REQUIREMENT:
Each record below must be returned exactly as shown.
══ INPUT FOR THIS TASK ══
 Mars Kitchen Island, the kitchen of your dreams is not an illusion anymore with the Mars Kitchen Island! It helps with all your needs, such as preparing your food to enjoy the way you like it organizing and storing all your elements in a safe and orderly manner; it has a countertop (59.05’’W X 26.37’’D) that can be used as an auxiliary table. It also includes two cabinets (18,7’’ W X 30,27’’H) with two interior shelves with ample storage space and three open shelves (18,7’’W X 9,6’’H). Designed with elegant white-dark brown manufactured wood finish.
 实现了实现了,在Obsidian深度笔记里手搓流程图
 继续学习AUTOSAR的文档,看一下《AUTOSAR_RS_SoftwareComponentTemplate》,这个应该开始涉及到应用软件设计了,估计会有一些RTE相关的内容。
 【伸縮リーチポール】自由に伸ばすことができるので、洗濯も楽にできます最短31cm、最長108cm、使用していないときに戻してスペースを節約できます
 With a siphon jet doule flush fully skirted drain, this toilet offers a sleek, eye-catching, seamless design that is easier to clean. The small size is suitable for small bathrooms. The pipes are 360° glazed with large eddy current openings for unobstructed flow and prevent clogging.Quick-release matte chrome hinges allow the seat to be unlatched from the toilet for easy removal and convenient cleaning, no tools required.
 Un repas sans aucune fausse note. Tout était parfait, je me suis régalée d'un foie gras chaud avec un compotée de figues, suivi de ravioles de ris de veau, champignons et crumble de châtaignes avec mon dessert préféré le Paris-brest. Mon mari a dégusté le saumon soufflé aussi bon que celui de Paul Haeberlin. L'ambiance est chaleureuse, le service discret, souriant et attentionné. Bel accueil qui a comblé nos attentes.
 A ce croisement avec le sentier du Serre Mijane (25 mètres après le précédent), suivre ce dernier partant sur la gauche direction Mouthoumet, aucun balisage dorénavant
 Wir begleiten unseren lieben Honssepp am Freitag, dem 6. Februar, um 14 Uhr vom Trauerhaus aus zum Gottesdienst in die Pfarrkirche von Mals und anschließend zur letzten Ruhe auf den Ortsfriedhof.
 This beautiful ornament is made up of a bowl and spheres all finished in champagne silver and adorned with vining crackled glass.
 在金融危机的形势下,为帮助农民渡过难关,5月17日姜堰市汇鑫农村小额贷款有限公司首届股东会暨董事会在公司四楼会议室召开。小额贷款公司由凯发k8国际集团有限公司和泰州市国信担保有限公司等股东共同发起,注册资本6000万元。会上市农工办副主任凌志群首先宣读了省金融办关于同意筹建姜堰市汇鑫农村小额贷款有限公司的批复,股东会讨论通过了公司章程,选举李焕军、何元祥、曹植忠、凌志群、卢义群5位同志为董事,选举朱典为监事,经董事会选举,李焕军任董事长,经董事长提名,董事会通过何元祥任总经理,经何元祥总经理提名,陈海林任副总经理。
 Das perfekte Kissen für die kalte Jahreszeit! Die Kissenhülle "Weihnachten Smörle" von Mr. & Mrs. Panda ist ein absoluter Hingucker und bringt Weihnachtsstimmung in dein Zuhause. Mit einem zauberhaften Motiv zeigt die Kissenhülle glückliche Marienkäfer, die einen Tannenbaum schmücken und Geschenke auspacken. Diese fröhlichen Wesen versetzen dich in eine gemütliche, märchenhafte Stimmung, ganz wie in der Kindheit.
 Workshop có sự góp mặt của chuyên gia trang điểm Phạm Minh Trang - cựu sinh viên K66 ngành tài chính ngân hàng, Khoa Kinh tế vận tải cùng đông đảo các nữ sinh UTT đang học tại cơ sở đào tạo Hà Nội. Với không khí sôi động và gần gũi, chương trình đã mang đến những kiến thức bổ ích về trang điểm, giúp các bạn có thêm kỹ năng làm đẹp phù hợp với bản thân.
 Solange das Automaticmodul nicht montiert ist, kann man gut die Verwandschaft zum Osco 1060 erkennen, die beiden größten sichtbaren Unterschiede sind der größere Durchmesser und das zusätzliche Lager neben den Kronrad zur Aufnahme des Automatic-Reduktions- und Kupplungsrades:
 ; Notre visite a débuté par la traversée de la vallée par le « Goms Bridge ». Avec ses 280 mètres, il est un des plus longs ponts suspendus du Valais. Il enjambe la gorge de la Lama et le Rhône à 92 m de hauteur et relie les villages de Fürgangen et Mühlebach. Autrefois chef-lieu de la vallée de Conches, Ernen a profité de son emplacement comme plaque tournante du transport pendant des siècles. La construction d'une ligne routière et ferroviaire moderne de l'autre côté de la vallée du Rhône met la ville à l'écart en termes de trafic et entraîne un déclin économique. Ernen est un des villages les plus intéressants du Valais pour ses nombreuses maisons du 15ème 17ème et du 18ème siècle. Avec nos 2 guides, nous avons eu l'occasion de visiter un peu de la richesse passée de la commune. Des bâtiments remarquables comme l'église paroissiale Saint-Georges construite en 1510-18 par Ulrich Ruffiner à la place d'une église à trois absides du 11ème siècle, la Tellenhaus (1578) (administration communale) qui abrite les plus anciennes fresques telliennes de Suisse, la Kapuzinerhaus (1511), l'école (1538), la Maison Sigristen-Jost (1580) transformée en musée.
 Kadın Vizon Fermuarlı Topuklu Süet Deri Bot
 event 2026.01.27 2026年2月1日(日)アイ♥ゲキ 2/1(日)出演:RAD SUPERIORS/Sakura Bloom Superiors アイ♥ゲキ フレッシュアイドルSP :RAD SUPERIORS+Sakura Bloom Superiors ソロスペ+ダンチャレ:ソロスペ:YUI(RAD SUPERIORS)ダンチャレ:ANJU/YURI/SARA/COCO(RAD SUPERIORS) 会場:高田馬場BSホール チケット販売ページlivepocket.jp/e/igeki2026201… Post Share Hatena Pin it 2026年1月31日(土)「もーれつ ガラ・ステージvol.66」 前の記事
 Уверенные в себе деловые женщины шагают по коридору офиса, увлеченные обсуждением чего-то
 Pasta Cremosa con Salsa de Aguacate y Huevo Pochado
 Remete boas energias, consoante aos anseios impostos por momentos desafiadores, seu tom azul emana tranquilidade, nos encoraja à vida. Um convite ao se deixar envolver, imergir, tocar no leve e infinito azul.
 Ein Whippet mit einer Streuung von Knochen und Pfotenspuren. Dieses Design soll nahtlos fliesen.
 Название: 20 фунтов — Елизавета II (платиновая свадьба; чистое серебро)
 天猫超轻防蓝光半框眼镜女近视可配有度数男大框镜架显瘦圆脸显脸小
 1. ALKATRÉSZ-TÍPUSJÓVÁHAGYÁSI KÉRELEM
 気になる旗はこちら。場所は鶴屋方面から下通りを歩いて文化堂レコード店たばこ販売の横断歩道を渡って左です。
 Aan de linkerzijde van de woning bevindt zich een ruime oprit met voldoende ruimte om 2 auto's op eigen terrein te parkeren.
═══
SOLUTION FOR THIS TASK:
 Mars Kitchen Island, the kitchen of your dreams is not an illusion anymore with the Mars Kitchen Island! It helps with all your needs, such as preparing your food to enjoy the way you like it organizing and storing all your elements in a safe and orderly manner; it has a countertop (59.05’’W X 26.37’’D) that can be used as an auxiliary table. It also includes two cabinets (18,7’’ W X 30,27’’H) with two interior shelves with ample storage space and three open shelves (18,7’’W X 9,6’’H). Designed with elegant white-dark brown manufactured wood finish.
 实现了实现了,在Obsidian深度笔记里手搓流程图
 继续学习AUTOSAR的文档,看一下《AUTOSAR_RS_SoftwareComponentTemplate》,这个应该开始涉及到应用软件设计了,估计会有一些RTE相关的内容。
 【伸縮リーチポール】自由に伸ばすことができるので、洗濯も楽にできます最短31cm、最長108cm、使用していないときに戻してスペースを節約できます
 With a siphon jet doule flush fully skirted drain, this toilet offers a sleek, eye-catching, seamless design that is easier to clean. The small size is suitable for small bathrooms. The pipes are 360° glazed with large eddy current openings for unobstructed flow and prevent clogging.Quick-release matte chrome hinges allow the seat to be unlatched from the toilet for easy removal and convenient cleaning, no tools required.
 Un repas sans aucune fausse note. Tout était parfait, je me suis régalée d'un foie gras chaud avec un compotée de figues, suivi de ravioles de ris de veau, champignons et crumble de châtaignes avec mon dessert préféré le Paris-brest. Mon mari a dégusté le saumon soufflé aussi bon que celui de Paul Haeberlin. L'ambiance est chaleureuse, le service discret, souriant et attentionné. Bel accueil qui a comblé nos attentes.
 A ce croisement avec le sentier du Serre Mijane (25 mètres après le précédent), suivre ce dernier partant sur la gauche direction Mouthoumet, aucun balisage dorénavant
 Wir begleiten unseren lieben Honssepp am Freitag, dem 6. Februar, um 14 Uhr vom Trauerhaus aus zum Gottesdienst in die Pfarrkirche von Mals und anschließend zur letzten Ruhe auf den Ortsfriedhof.
 This beautiful ornament is made up of a bowl and spheres all finished in champagne silver and adorned with vining crackled glass.
 在金融危机的形势下,为帮助农民渡过难关,5月17日姜堰市汇鑫农村小额贷款有限公司首届股东会暨董事会在公司四楼会议室召开。小额贷款公司由凯发k8国际集团有限公司和泰州市国信担保有限公司等股东共同发起,注册资本6000万元。会上市农工办副主任凌志群首先宣读了省金融办关于同意筹建姜堰市汇鑫农村小额贷款有限公司的批复,股东会讨论通过了公司章程,选举李焕军、何元祥、曹植忠、凌志群、卢义群5位同志为董事,选举朱典为监事,经董事会选举,李焕军任董事长,经董事长提名,董事会通过何元祥任总经理,经何元祥总经理提名,陈海林任副总经理。
 Das perfekte Kissen für die kalte Jahreszeit! Die Kissenhülle "Weihnachten Smörle" von Mr. & Mrs. Panda ist ein absoluter Hingucker und bringt Weihnachtsstimmung in dein Zuhause. Mit einem zauberhaften Motiv zeigt die Kissenhülle glückliche Marienkäfer, die einen Tannenbaum schmücken und Geschenke auspacken. Diese fröhlichen Wesen versetzen dich in eine gemütliche, märchenhafte Stimmung, ganz wie in der Kindheit.
 Workshop có sự góp mặt của chuyên gia trang điểm Phạm Minh Trang - cựu sinh viên K66 ngành tài chính ngân hàng, Khoa Kinh tế vận tải cùng đông đảo các nữ sinh UTT đang học tại cơ sở đào tạo Hà Nội. Với không khí sôi động và gần gũi, chương trình đã mang đến những kiến thức bổ ích về trang điểm, giúp các bạn có thêm kỹ năng làm đẹp phù hợp với bản thân.
 Solange das Automaticmodul nicht montiert ist, kann man gut die Verwandschaft zum Osco 1060 erkennen, die beiden größten sichtbaren Unterschiede sind der größere Durchmesser und das zusätzliche Lager neben den Kronrad zur Aufnahme des Automatic-Reduktions- und Kupplungsrades:
 ; Notre visite a débuté par la traversée de la vallée par le « Goms Bridge ». Avec ses 280 mètres, il est un des plus longs ponts suspendus du Valais. Il enjambe la gorge de la Lama et le Rhône à 92 m de hauteur et relie les villages de Fürgangen et Mühlebach. Autrefois chef-lieu de la vallée de Conches, Ernen a profité de son emplacement comme plaque tournante du transport pendant des siècles. La construction d'une ligne routière et ferroviaire moderne de l'autre côté de la vallée du Rhône met la ville à l'écart en termes de trafic et entraîne un déclin économique. Ernen est un des villages les plus intéressants du Valais pour ses nombreuses maisons du 15ème 17ème et du 18ème siècle. Avec nos 2 guides, nous avons eu l'occasion de visiter un peu de la richesse passée de la commune. Des bâtiments remarquables comme l'église paroissiale Saint-Georges construite en 1510-18 par Ulrich Ruffiner à la place d'une église à trois absides du 11ème siècle, la Tellenhaus (1578) (administration communale) qui abrite les plus anciennes fresques telliennes de Suisse, la Kapuzinerhaus (1511), l'école (1538), la Maison Sigristen-Jost (1580) transformée en musée.
 Kadın Vizon Fermuarlı Topuklu Süet Deri Bot
 event 2026.01.27 2026年2月1日(日)アイ♥ゲキ 2/1(日)出演:RAD SUPERIORS/Sakura Bloom Superiors アイ♥ゲキ フレッシュアイドルSP :RAD SUPERIORS+Sakura Bloom Superiors ソロスペ+ダンチャレ:ソロスペ:YUI(RAD SUPERIORS)ダンチャレ:ANJU/YURI/SARA/COCO(RAD SUPERIORS) 会場:高田馬場BSホール チケット販売ページlivepocket.jp/e/igeki2026201… Post Share Hatena Pin it 2026年1月31日(土)「もーれつ ガラ・ステージvol.66」 前の記事
 Уверенные в себе деловые женщины шагают по коридору офиса, увлеченные обсуждением чего-то
 Pasta Cremosa con Salsa de Aguacate y Huevo Pochado
 Remete boas energias, consoante aos anseios impostos por momentos desafiadores, seu tom azul emana tranquilidade, nos encoraja à vida. Um convite ao se deixar envolver, imergir, tocar no leve e infinito azul.
 Ein Whippet mit einer Streuung von Knochen und Pfotenspuren. Dieses Design soll nahtlos fliesen.
 Название: 20 фунтов — Елизавета II (платиновая свадьба; чистое серебро)
 天猫超轻防蓝光半框眼镜女近视可配有度数男大框镜架显瘦圆脸显脸小
 1. ALKATRÉSZ-TÍPUSJÓVÁHAGYÁSI KÉRELEM
 気になる旗はこちら。場所は鶴屋方面から下通りを歩いて文化堂レコード店たばこ販売の横断歩道を渡って左です。
 Aan de linkerzijde van de woning bevindt zich een ruime oprit met voldoende ruimte om 2 auto's op eigen terrein te parkeren.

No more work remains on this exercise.